Ahmadinejad had wanted to address the council before it votes on imposing new sanctions on Iran for its nuclear program. The meeting is expected to be held on Saturday, although it has not yet been officially scheduled.
No sooner was the announcement made than Iran and the United States entered into a spat on when and to whom visas had been issued. Tehran said the visas were issued too late and the U.S. State Department said completed applications were not received in time.
The United States issued visas in two batches on Friday at its embassy in Berne, Switzerland, but Iran’s U.N. Ambassador Javad Zarif said that was too late.
“There was no time for the visas to be sent to Tehran in time for the president to be able to fly to New York,” Zarif told Reuters.

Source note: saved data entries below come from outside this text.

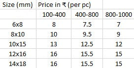 6x8, 8x10, 10x15, 12x16, 14x18 |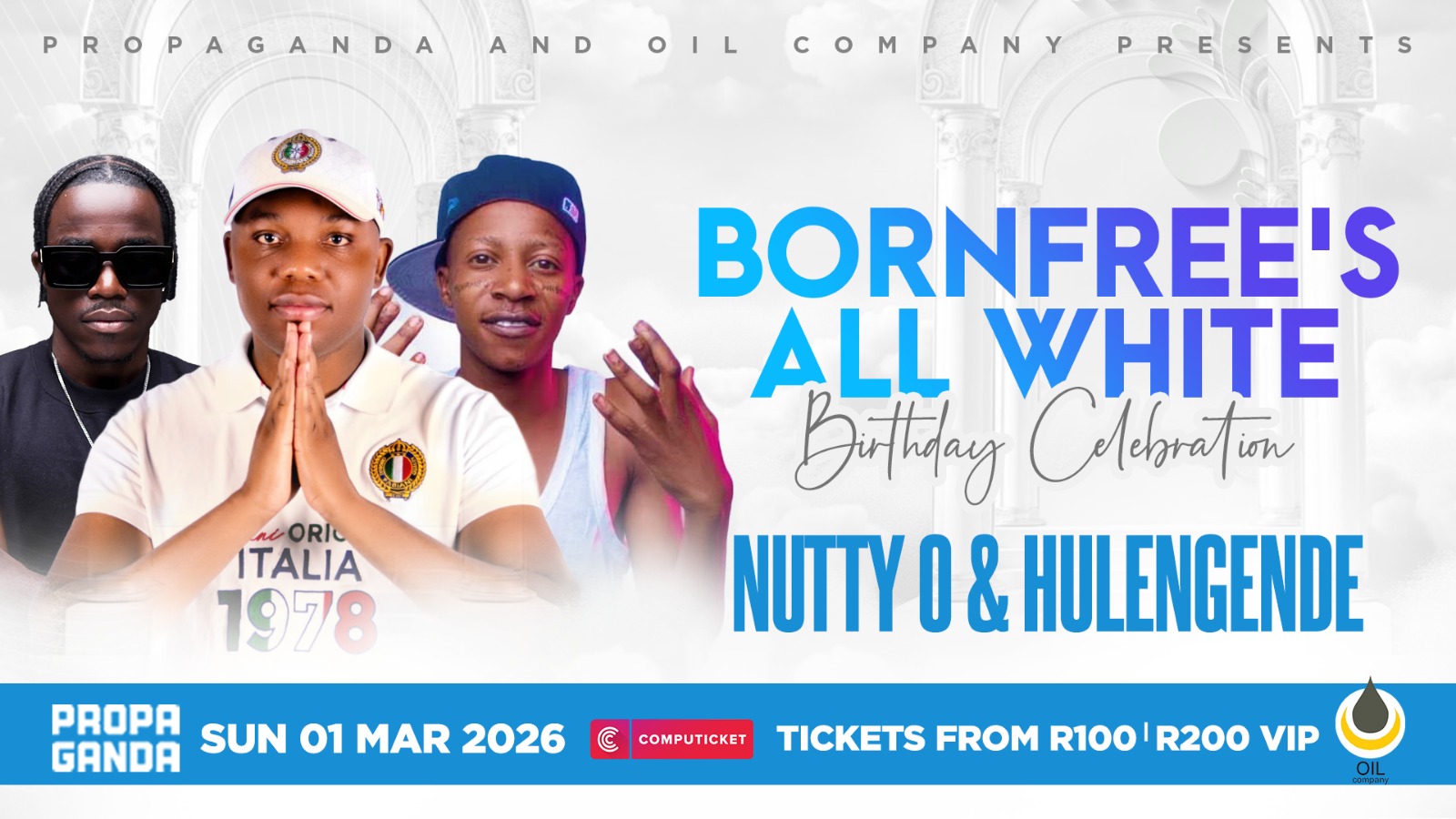 Step into a world of pure elegance for Bornfree's birthday ? an exclusive all-white soir¿e at Propaganda Pretoria. On March 1, 2026, doors open at 4 PM for an evening of vibrant energy, stunning live performances, and a captivating atmosphere. Dance the night away until 4 AM as we celebrate Bornfree with sensational sets from Nutty O and Hulengende. Dress to impress in your finest all-white attire and join friends for laughter, dancing, and unforgettable memories at one of Pretoria's premier venues. Tickets are limited ? secure your General or VIP ticket now to ensure you don?t miss this legendary celebration.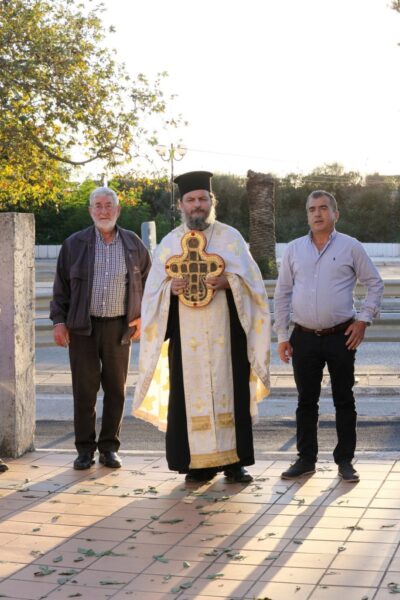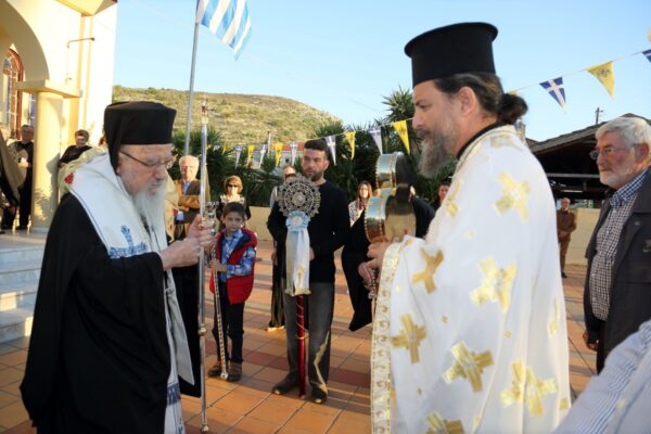 Με το πέρας του εσπερινού, κατά το κήρυγμά του, ο Σεβασμιώτατος κ. Γεώργιος επεσήμανε πως «η εορτή ενός Αγίου που τιμά μια ενορία είναι αφορμή για μια ξεχωριστή μέρα, όπως σήμερα που τιμάται εδώ ο προστάτης σας Άγιος Γεράσιμος. Και η ξεχωριστή μέρα αυξάνεται, καθώς ανάμεσά μας βρίσκεται ο Τίμιος Σταυρός, ένα τμήμα από το Τίμιο Ξύλο του Χριστού μας». Ο Σεβασμιώτατος κ. Γεώργιος, θέλοντας να επισημάνει τα κοινά νοήματα των δύο αυτών γεγονότων στην ενορία του Κεφαλοβρύσου, μεταξύ άλλων, τόνισε: «Η αλήθεια είναι πως σε τούτη τη ζωή δεν ήρθαμε να απολαύσουμε και να περάσουμε καλά, όπως συνηθίζεται και λέγεται. Αυτό είναι μία πλάνη, καθώς βλέπουμε τον ίδιο τον Κύριό μας να θυσιάζεται, να καρφώνεται πάνω στο Σταυρό, καθώς βλέπουμε τους Αγίους της Εκκλησίας μας και τους Μάρτυρες, να υποφέρουν. Έτσι κάθε άνθρωπος καταλαβαίνει ότι πρέπει να σηκώσει το δικό του σταυρό, το δικό του φορτίο. …Η ζωή μας έχει περισσότερες δυσκολίες, περισσότερους κόπους και λιγότερες χαρές. Γιατί, από τη στιγμή που ο Αδάμ και η Εύα θέλησαν να ζήσουν μακριά από το Θεό, επέλεξαν να βρίσκουν τη λύπη και τη δυστυχία. …Ενώ, όταν ο άνθρωπος βρίσκεται κοντά στο Θεό, δεν θα βλέπει τα προβλήματά του αλλά θα βρίσκει δύναμη, τόση δύναμη που θα προσπερνά τα προβλήματα, δεν θα κλονίζεται από αυτά. Έτσι, αν προσπαθήσουμε να εμβαθύνουμε στα παραδείγματα των Αγίων της Εκκλησίας μας, θα αντλήσουμε δύναμη όπως δύναμη αντλούσαν και οι Άγιοι της Εκκλησίας. …Αυτό ζητάμε. Δεν γίνεται να μην σηκώνουμε σταυρό, δεν γίνεται να μην ετοιμαζόμαστε, να μην έχουμε δυσκολίες, δεν γίνεται να υπάρχει άνθρωπος που στη ζωή του να μην έχει πρόβλημα. Όλοι μας αντιμετωπίζουμε προβλήματα, αλλά κοντά στους Αγίους μας και προσκυνώντας τον Τίμιο Σταυρό, θα παίρνουμε δύναμη. Θα σηκώνουμε τον δικό μας σταυρό, ώστε να βοηθούμε και τους άλλους».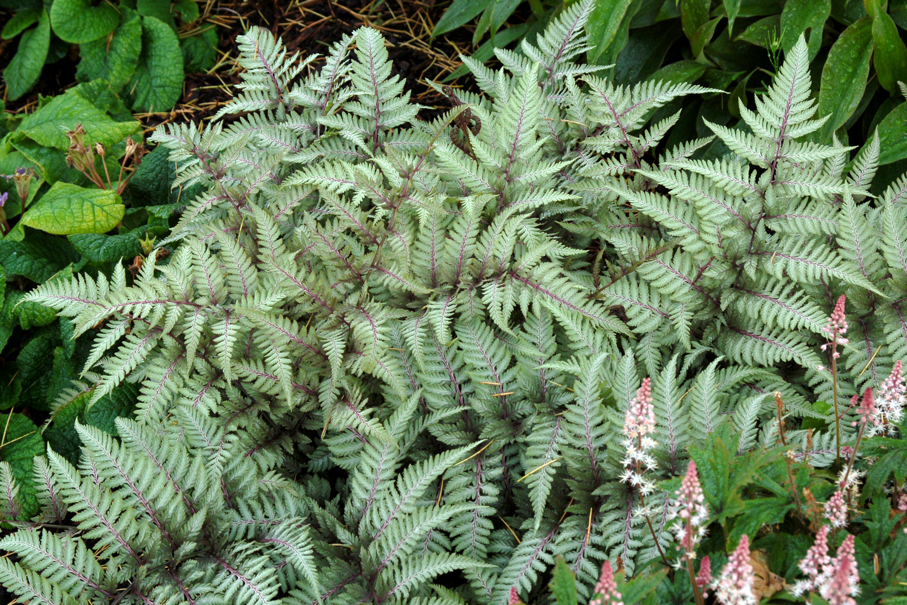 An unusual and silvered hybrid fern, painted in smoky gray and green and standing taller than some of the other Japanese ferns.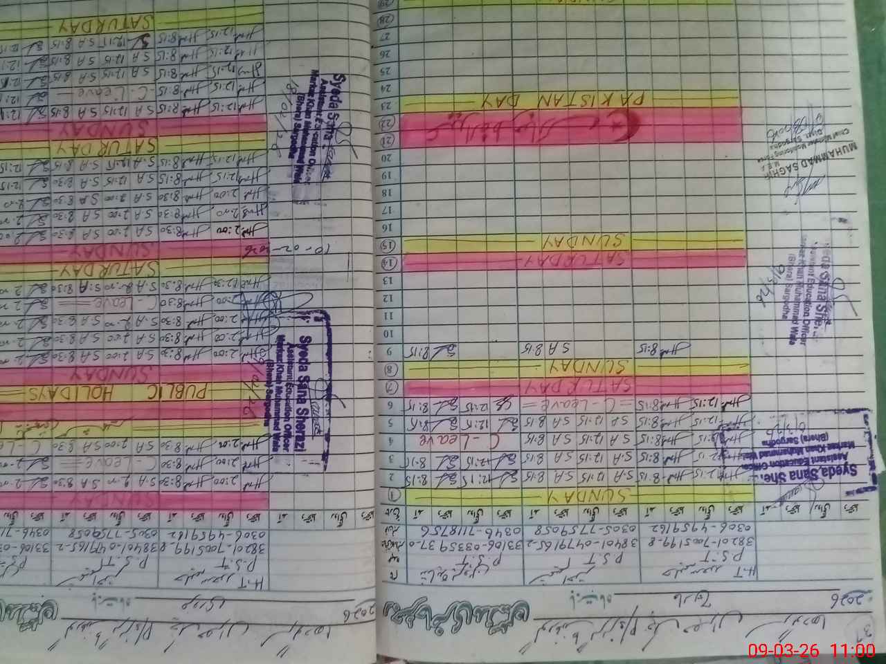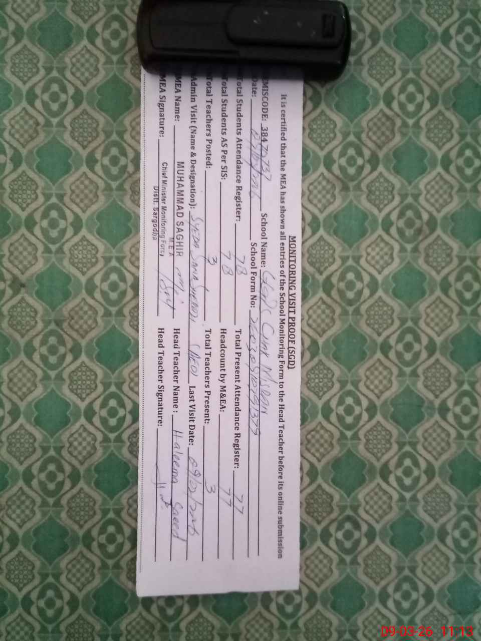 | Name: HA**** SA**** Designation: (School Headmaster's/Headmistress's) PST Phone/Cell Number: 03**** |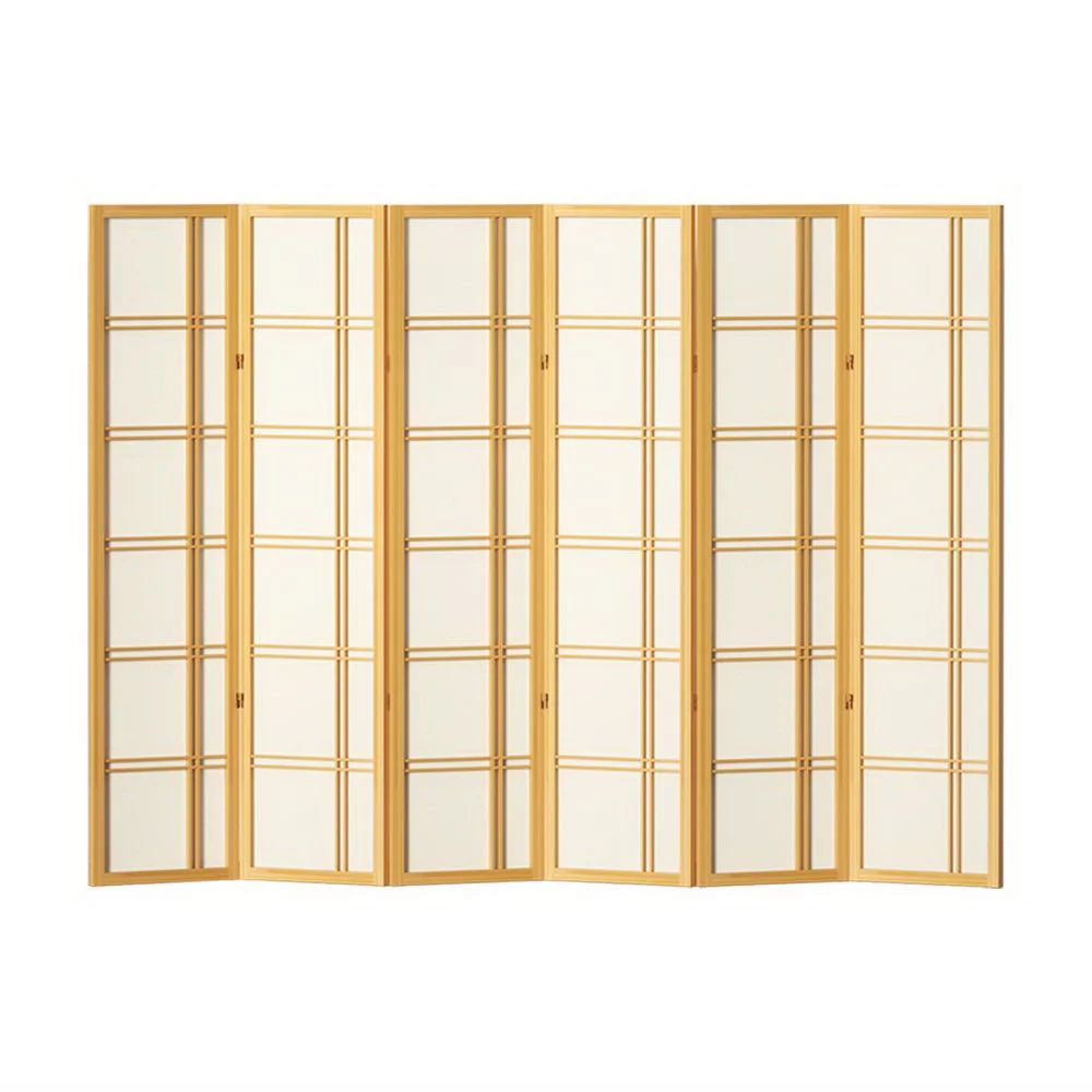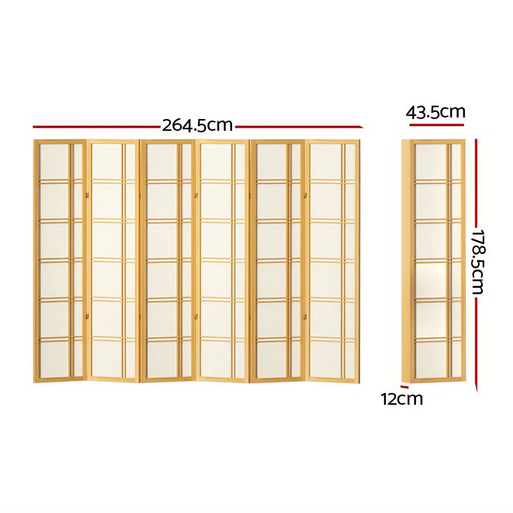 Artiss 6-Panel Room Divider Screen, Natural Pine Wood, 265x179cm, Foldable & Eco-Friendly, with 1-Year Warranty

But he said Iran’s foreign minister, Manouchehr Mottaki, who received his visa early on Friday, would take a commercial flight to New York to address the council.
In Berne, a spokesman for the U.S. Embassy said some 38 visas had been issued early on Friday, including one for Ahmadinejad, and an additional 40 for the entourage late in the day once all the paper work had been completed.
But Zarif said the later batch, which included air crew, was not issued until 5:45 p.m. local time, which did not leave enough time to get the passports back to Tehran in time for the president’s plane to take off.
In Washington, the U.S. State Department said the reasons for the cancellation were a ruse.
“Rather, it would appear that he is unwilling to stand before the Council and take the heat for his continued defiance of the international community,” said spokesman Tom Casey.
Casey said the visas were issued late Friday afternoon “despite the fact that the completed applications for many of them were not received until this morning.”
And at the United Nations, the American representative, Alejandro Wolff said, “I think this is all a pretext. The visas were issued in ample time.”
But in Tehran, Foreign Ministry spokesman Mohammad Ali Hosseini was quoted on television as saying, “Due to the obvious negligence in issuing a visa for members of the Iranian delegation accompanying the president and the plane crew, American officials stopped the president from attending the Security Council’s meeting.”